Your copy should hold only the lines from the one with "Curiosidades del número 69746" to the one with "Federated learning allows", both included, each exactly as it stands below, with no pictures.

▶ [Dataset entries]:
##############################

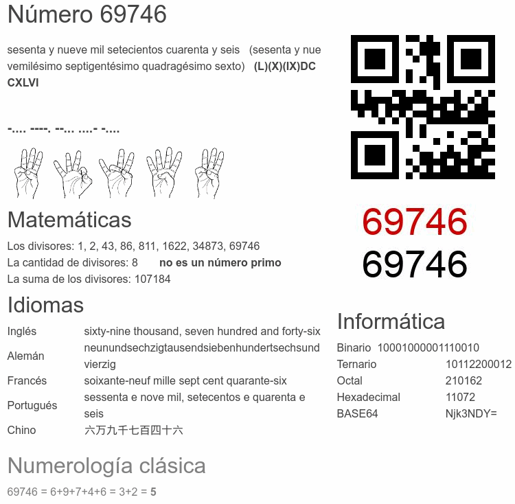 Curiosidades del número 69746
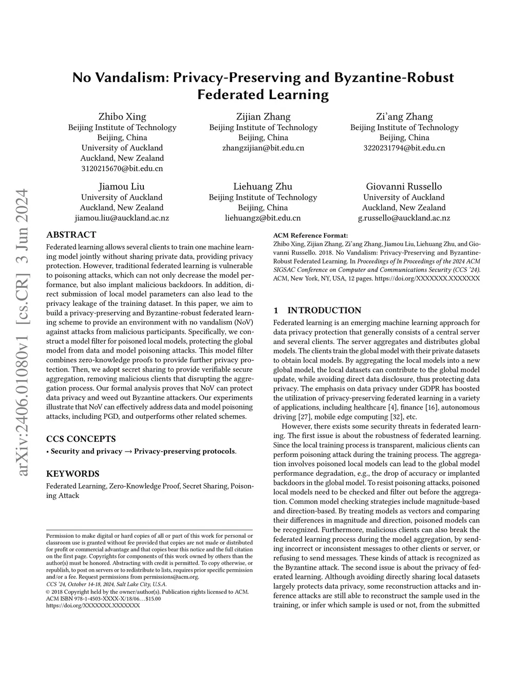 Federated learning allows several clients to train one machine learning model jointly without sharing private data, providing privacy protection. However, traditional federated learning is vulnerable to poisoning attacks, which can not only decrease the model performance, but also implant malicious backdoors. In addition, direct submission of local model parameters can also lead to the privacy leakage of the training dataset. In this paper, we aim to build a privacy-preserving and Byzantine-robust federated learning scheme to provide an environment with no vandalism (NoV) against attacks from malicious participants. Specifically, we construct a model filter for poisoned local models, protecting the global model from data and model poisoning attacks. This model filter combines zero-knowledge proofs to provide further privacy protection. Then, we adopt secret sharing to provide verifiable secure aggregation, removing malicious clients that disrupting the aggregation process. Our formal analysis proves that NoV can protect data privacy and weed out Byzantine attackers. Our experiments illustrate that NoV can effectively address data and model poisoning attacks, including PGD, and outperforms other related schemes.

##############################

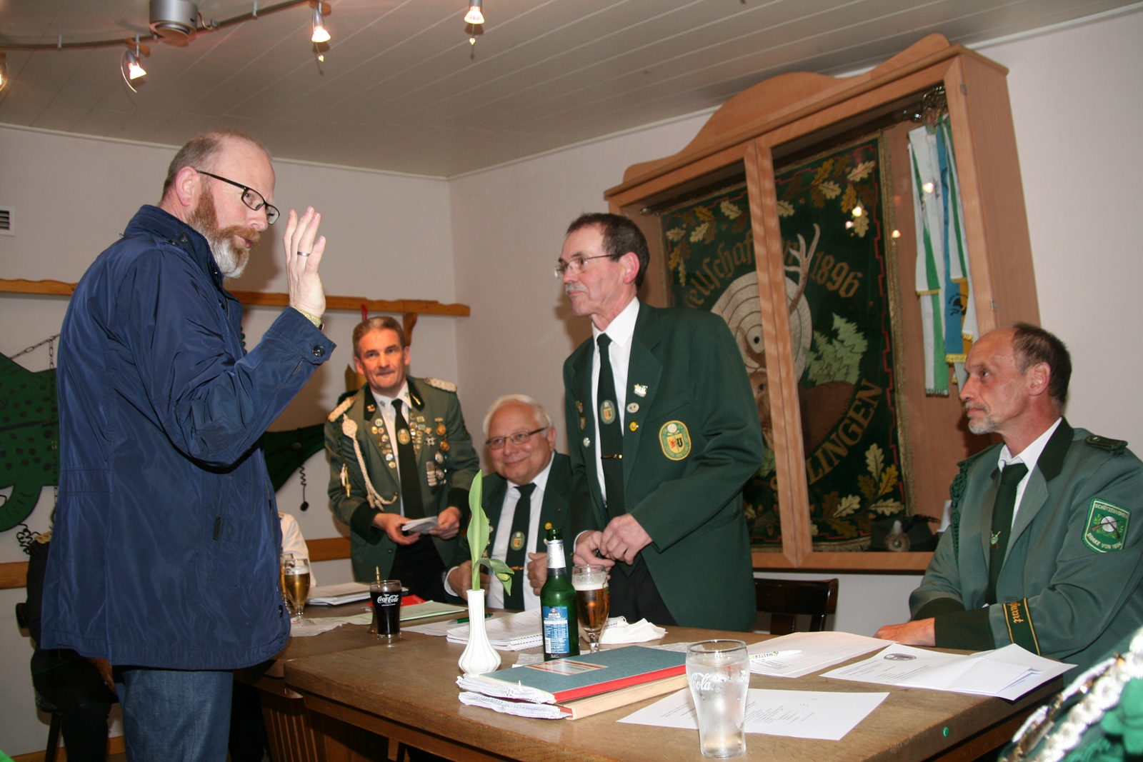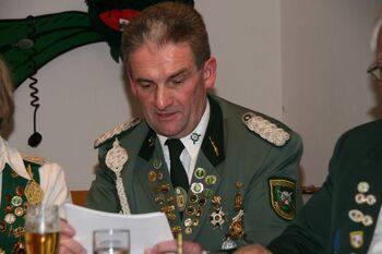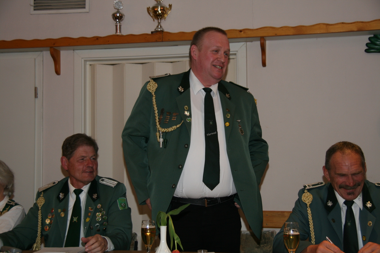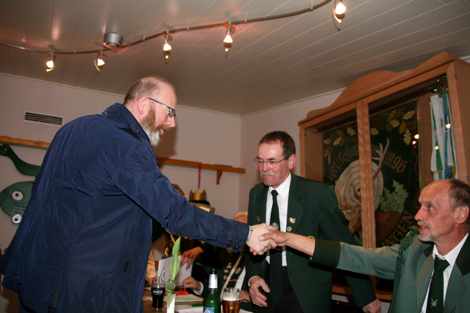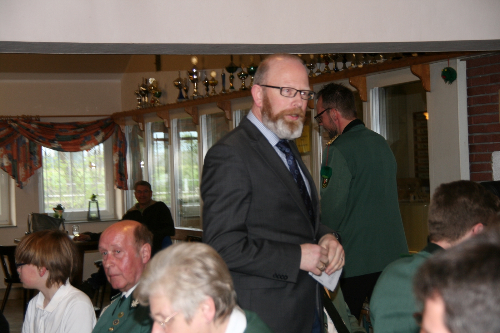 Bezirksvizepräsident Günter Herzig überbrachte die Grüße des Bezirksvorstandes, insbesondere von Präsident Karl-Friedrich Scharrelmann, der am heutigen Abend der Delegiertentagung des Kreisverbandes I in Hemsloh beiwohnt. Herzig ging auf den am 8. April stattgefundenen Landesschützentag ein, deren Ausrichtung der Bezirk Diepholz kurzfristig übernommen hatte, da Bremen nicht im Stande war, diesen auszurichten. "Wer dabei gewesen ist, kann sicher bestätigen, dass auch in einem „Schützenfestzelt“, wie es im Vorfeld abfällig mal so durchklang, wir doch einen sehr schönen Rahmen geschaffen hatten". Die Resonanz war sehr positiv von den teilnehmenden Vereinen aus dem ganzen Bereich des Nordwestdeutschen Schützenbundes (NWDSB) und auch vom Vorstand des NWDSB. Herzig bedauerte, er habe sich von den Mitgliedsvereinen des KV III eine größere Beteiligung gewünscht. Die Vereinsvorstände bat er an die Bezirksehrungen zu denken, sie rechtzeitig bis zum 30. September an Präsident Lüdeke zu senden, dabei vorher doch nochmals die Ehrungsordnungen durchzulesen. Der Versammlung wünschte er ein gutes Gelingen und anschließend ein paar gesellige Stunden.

##############################

▶ [Reply to the exercise]:
 Curiosidades del número 69746
 Federated learning allows several clients to train one machine learning model jointly without sharing private data, providing privacy protection. However, traditional federated learning is vulnerable to poisoning attacks, which can not only decrease the model performance, but also implant malicious backdoors. In addition, direct submission of local model parameters can also lead to the privacy leakage of the training dataset. In this paper, we aim to build a privacy-preserving and Byzantine-robust federated learning scheme to provide an environment with no vandalism (NoV) against attacks from malicious participants. Specifically, we construct a model filter for poisoned local models, protecting the global model from data and model poisoning attacks. This model filter combines zero-knowledge proofs to provide further privacy protection. Then, we adopt secret sharing to provide verifiable secure aggregation, removing malicious clients that disrupting the aggregation process. Our formal analysis proves that NoV can protect data privacy and weed out Byzantine attackers. Our experiments illustrate that NoV can effectively address data and model poisoning attacks, including PGD, and outperforms other related schemes.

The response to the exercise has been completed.